Poor Psyche went on looking for her beloved, all over the world. But she had no chance of finding him, because he was now back home with his mother, and in fact in bed - in severe pain from that nasty burn.

Meanwhile, a rather unpleasant bird was on its way to inform Venus of what had been going on. This gull found the Goddess of Love enjoying a dip in the ocean - and told her: her son was bedridden with a dreadful wound; he'd been having a sordid affair with a girl; and that the gossip was she herself had had a nervous breakdown and gone on a seaside holiday! And that as a result the whole universe was in complete disorder - with love having completely gone out of everyone's lives!

This revolting bird poisoned Venus' mind - she believed the story about her son, and demanded the name of the Nymph, Muse or Grace who'd dared seduce her innocent son. "Unless I'm completely mistaken," piped the talkative gull, it was a mortal. I think her name was something like ... Psyche!"

Her vacation abruptly curtailed, Venus went straight home, and straight to her son's bedroom. "You lazy, disobedient little lecher. How dare you? I told you to ruin that girl's life, and instead you have the cheek to go and sleep with her yourself! Well, I'm not too old to have children - I can have another son! Or I can confiscate your little toys and give them to someone who knows how to handle them. I'm anyway sick of you always shooting your arrows at me, and sneering at me - and showing no respect for your stepfather either. I know you're always making Mars fall in love with other women just to annoy me. But I'm going to make you so sorry you ever set eyes on that mortal girl, Sunny Jim."

Cupid and friends with Mars and Venus: by Botticelli

Perhaps wisely, Cupid pretended to be asleep. Venus, fuming and snorting, went off to consider his punishment. She bumped into Ceres and Juno.Her auntie Ceres asked her (though she knew perfectly well) why her lovely face was all red and puffy. "Help me, auntie," pleaded Venus. "I'm looking for a creature called Psyche: she's disappeared after - the scandal of ... her ridiculous affair with ..."

"What's the problem?" said Ceres innocently. "Boy meets girl. Boy falls in love. What could be more natural - especially as your son has so obviously inherited his mother's talents! How silly you look - trying to ban your son from doing the thing you encourage everyone else to!"

"And you have to remember, sweetie," said Juno, "that he's not a little boy any longer. I think he's quite old enough to sort out his own love life!" Ceres and Juno were not being entirely honest - she like all the goddesses was scared of Cupid, and thought it safer not to say anything nasty about him - just in case.

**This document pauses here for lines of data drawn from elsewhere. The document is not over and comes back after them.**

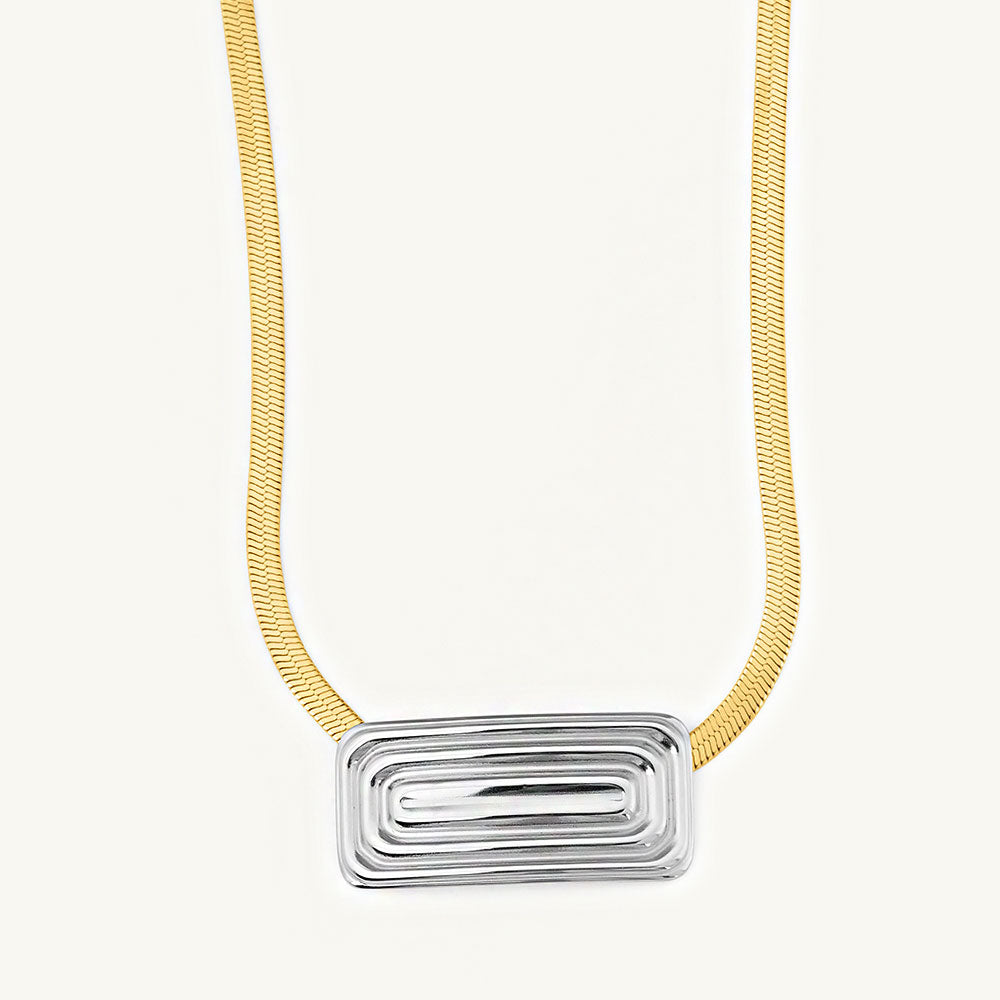 The Ridged Pendant Necklace is a striking jewellery piece featuring a textured ridged pendant on a dual-tone gold-plated stainless steel chain. Its contemporary design adds dimension and subtle statement to any outfit. Perfect for layering or wearing solo, this short necklace elevates casual, office, and evening ensembles with modern sophistication and refined charm.
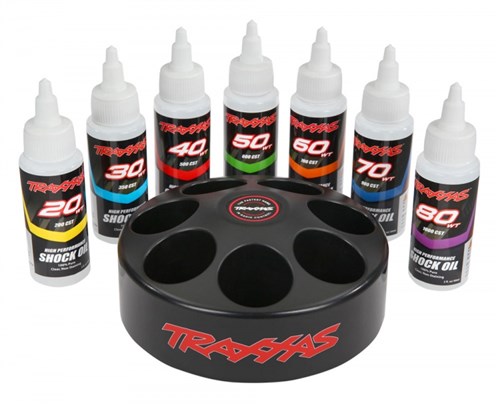 Traxxas her med en roterende oliebeholder og 7 flasker spjældolie med viskositet 20-80WT (200-1000cSt), Flaskerne indeholder hver 60ml og har alle plads i beholderen på samme tid. Det gør det endnu nemmere at holde hobbyrummet mere ryddeligt!
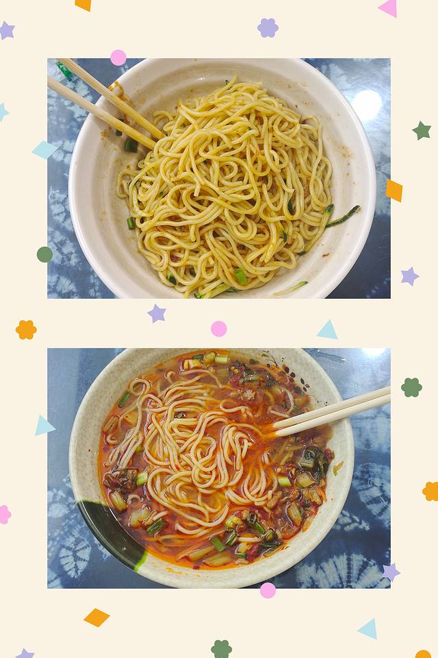 杂酱干拌面和雪菜肉丝面
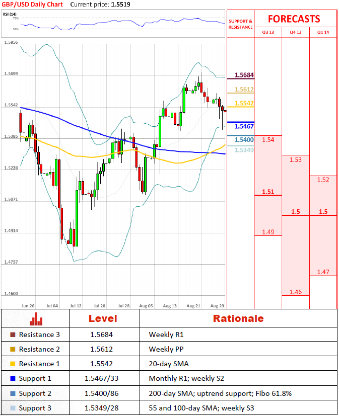 货币在两次下跌到1.55以下后获得了周第二支持位的支撑。然而,我们公平的看来,已经认可货币对在最近的几天做出的类似的举动,以远离在图中又一次下跌至1.55以下的情况。目前,货币对交易在20天均线,其可以很容易地受到空头和多头的双边推动,但在中长期总体趋势应该继续看跌。
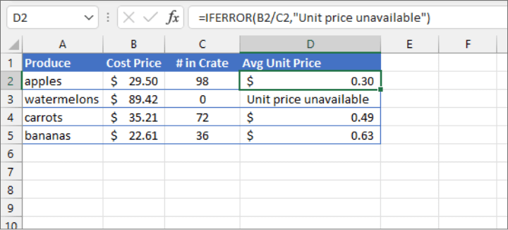 =IFERROR(value, value_if_error)
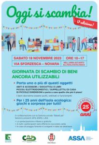 Novara - Nell’ambito della Settimana per la riduzione dei rifiuti, Serr, Assa organizza “Oggi si scambia!”, giornata di “scambio” gratuito di oggetti e indumenti ancora in buono stato e utilizzabili che in questa quinta edizione si arricchisce di alcune significative novità. L’appuntamento è previsto per sabato 18 novembre dalle 10 alle 17 in Via Sforzesca, nell’area adiacente all’Isola Ecologica, e sono invitati a partecipare tutti i cittadini residenti a Novara.
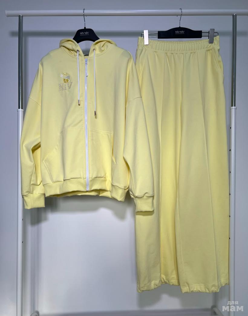 Спортивный костюм выполнен из премиального трикотажного полотна. Объемная “зипка” на молнии. Перед и спинка прямые. На полочке накладные карманы. Спущенная линия плеча. Низ рукава и низ изделия на манжете. По горловине - объемный капюшон. На полочке и на спинке дизайнерская вышивка.
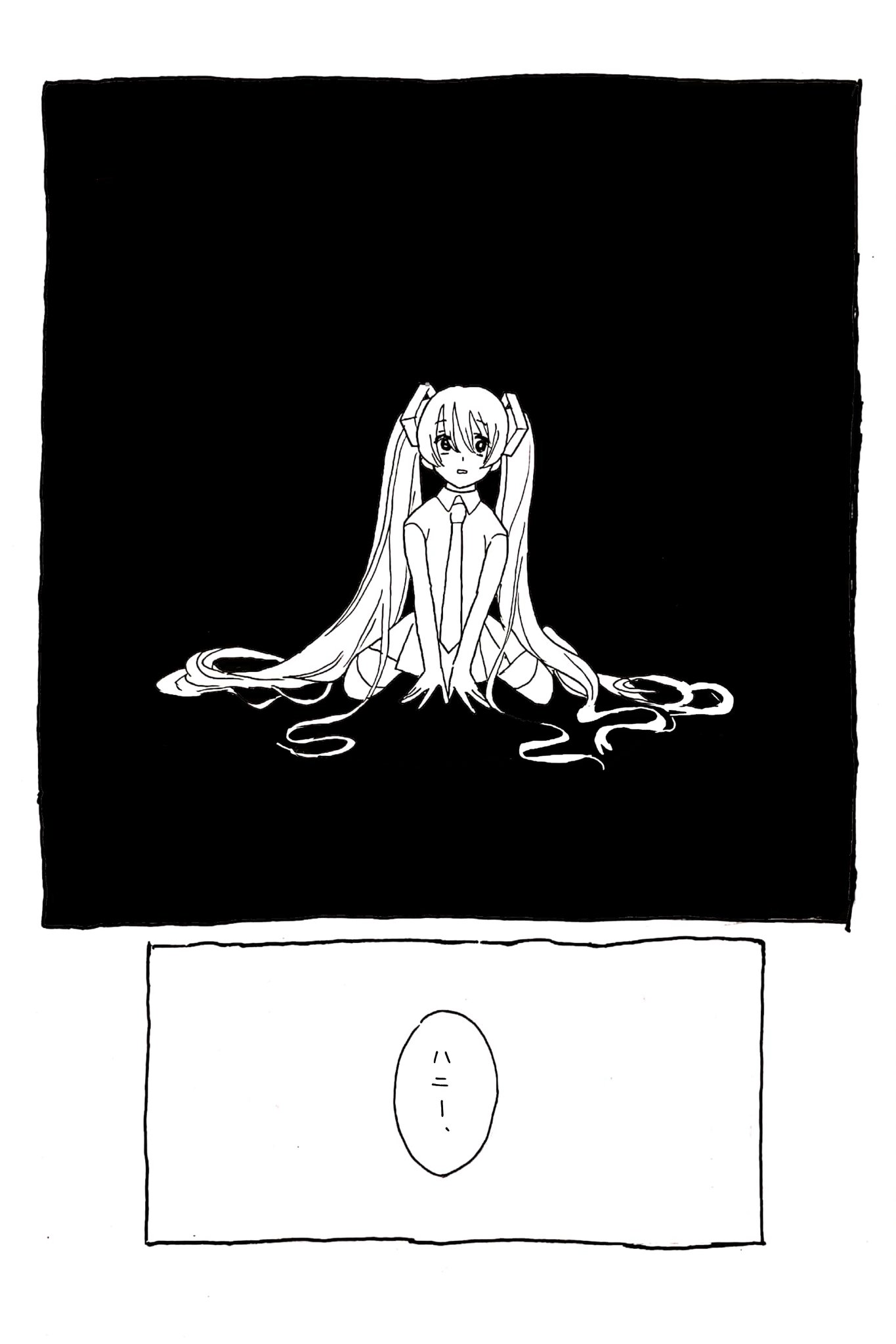 1girl arm_support blank_stare bright_pupils collared_shirt comic commentary_request dark_background greyscale hair_ornament hair_spread_out hatsune_miku highres legs_apart long_hair looking_at_viewer melon_hamburg_bentou monochrome necktie parted_lips pleated_skirt sanji_no_honey_(vocaloid) shirt sitting skirt sleeveless sleeveless_shirt solo straight-on thighhighs translation_request twintails v_arms very_long_hair vocaloid wariza
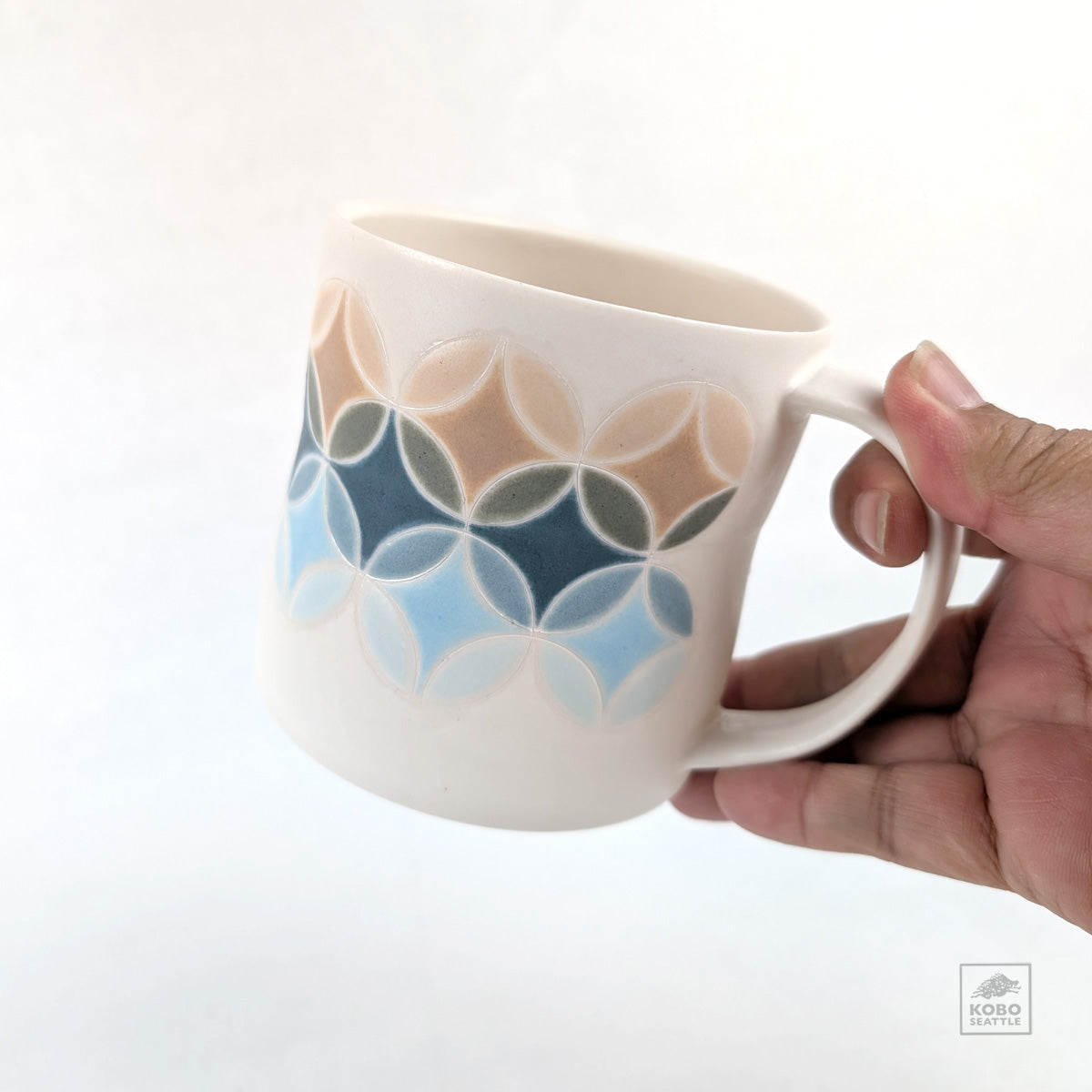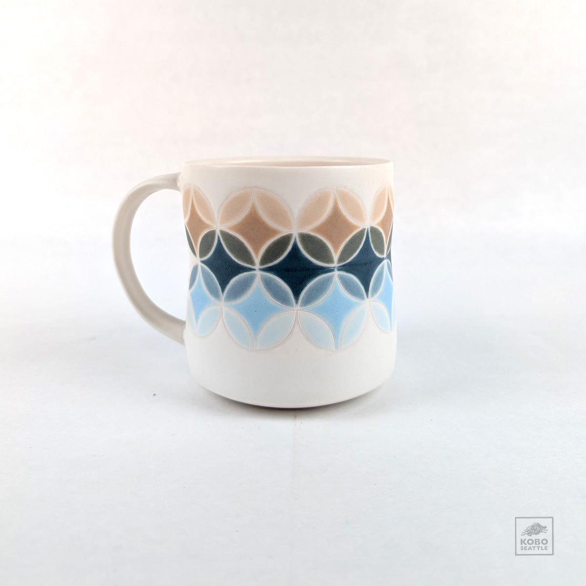 Mug, porcelain, double wedding ring, ombré, blue-brown

Venus was not impressed by their unhelpful attitude - and went back to the seaside. Meanwhile Psyche was still searching for her husband - determined to whatever she had to to win him back. One day, she saw a temple on a hilltop. She went inside, and found it was all in a terrible mess - offerings of corn, sheaves of barley, sickles and scythes were strewn about all higgledy-piggledy. Without thinking, she started tidying it all up - and soon the goddess whose temple it was arrived. It was Ceres.

"Why thank you, dear," she cooed. "Fancy looking after my temple for me so nicely, while Venus is going mad trying to find you."

"O please, please help me!" Psyche begged. "Just let me hide in your temple so I can rest for a few days. I'm so exhausted."

"Of course! I'd love to!" said Ceres. "But my niece and I are very close. I'd never do anything to offend her. Get out of my temple this minute, or I'll have you arrested."

When a little later, she found another temple and took refuge there, it wasn't really a surprise when Juno, after saying how much she'd love to help, refused and threw her out - because she'd never do anything to offend her daughter-in-law, the goddess who'd married her son Vulcan.

Psyche, now desperate, decided the only thing left was to give herself up - go to Venus and try to win her round. She had no idea how she was going to do this. Venus meanwhile had got out the best chariot, and drove, accompanied by the usual chirping flock of birds, straight to Jupiter's palace, to demand the services of Mercury, the gods' own media specialist. She told him "I want an announcement made to all mankind". And she described the massive reward for whoever found Psyche, who she claimed was her escaped slave girl. And she handed over a picture, and her full dossier. Then she went home.

Mercury lost no time. All over the world he flashed - proclaiming everywhere:"Oyez, oyez! If anyone do apprehend the person of one Psyche, an escaped slave of the goddess Venus, he shall be rewarded by the said goddess with seven kisses upon the lips, plus one to include full tongue involvement."